Can allergic rhinitis cause lymph node enlargement?
Allergic rhinitis is an allergic (hypersensitivity) reaction triggered by allergens; identifying the specific allergen enables avoidance and thus prevents recurrent allergic episodes. Additionally, under a physician’s guidance, medications with potent anti-inflammatory, antiallergic, and anti-edematous effects may be prescribed to alleviate symptoms. But can allergic rhinitis cause lymphadenopathy (swollen lymph nodes)? The following section addresses this question.

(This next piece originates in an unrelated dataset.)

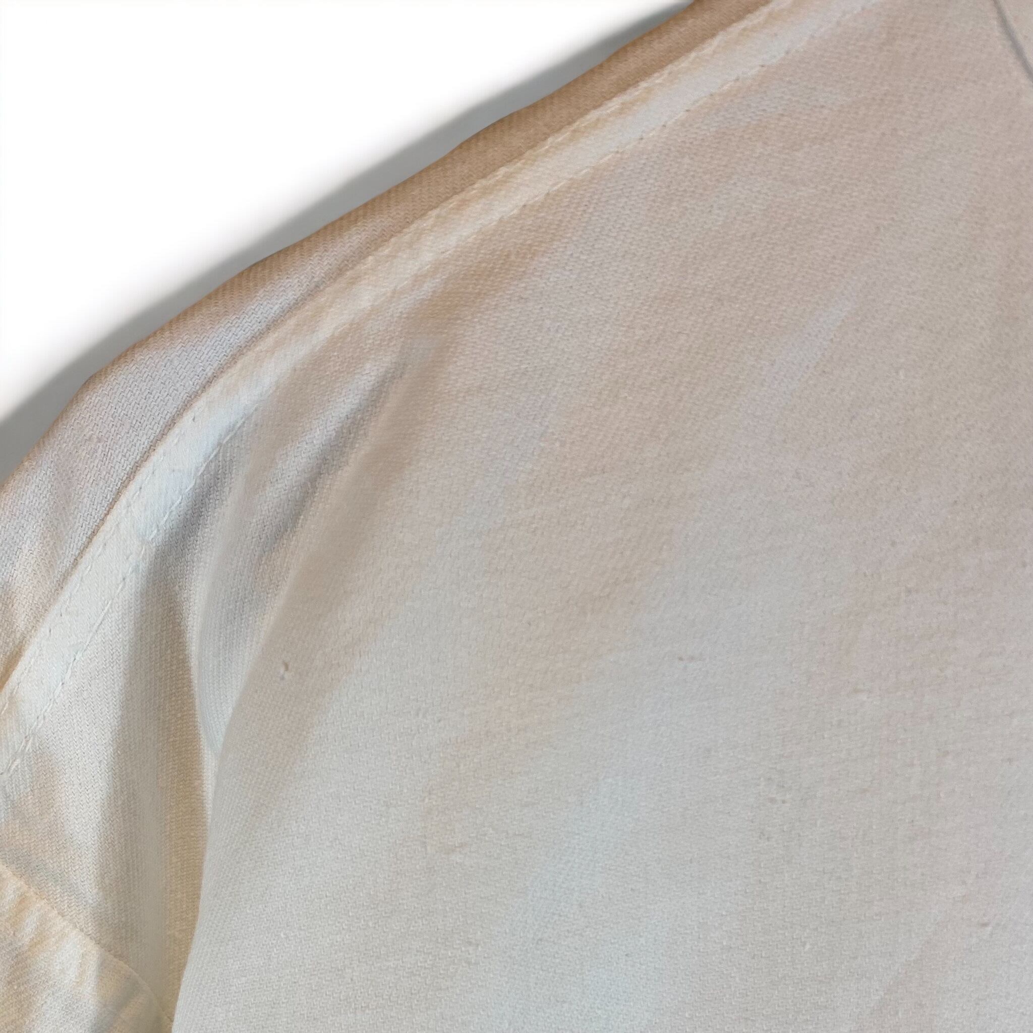 首元はヘンリーネック仕様。セットインスリーブで、やや厚めのコットン100%生地を使用。裏地はピーチスキンと言われる非常に柔らかい起毛で素肌に一枚で着ていただくと分かりますが、肌触りが最高です。

Can allergic rhinitis cause lymphadenopathy?
Yes, allergic rhinitis can lead to lymphadenopathy. Lymph node enlargement has numerous potential causes:
First, acute infection: bacterial, viral, or rickettsial infections—for example, acute cellulitis or upper respiratory tract infections such as infectious mononucleosis.
Second, chronic infection: caused by bacteria, fungi, helminths, chlamydia, spirochetes, filarial lymphogranuloma, syphilis, HIV/AIDS, etc.

Third, leukemia: including acute lymphoblastic leukemia, chronic lymphocytic leukemia, chronic B-cell leukemia, and plasma cell leukemia.
Fourth, reactive hyperplasia: such as necrotizing hyperplastic lymphadenopathy, serum sickness, and serum-sickness-like reactions.
If lymphadenopathy occurs in a patient with allergic rhinitis, the following diagnostic tests may be performed:
1. Complete blood count (CBC): Total peripheral white blood cell (WBC) count and differential provide valuable clues for determining the underlying cause of lymphadenopathy. Elevated total WBC count and neutrophilia commonly suggest bacterial infection, whereas normal or reduced total WBC count with relative or absolute lymphocytosis often points to viral infection.
2. Serologic testing: e.g., antinuclear antibody (ANA) panel.
We hope the above information is helpful to you.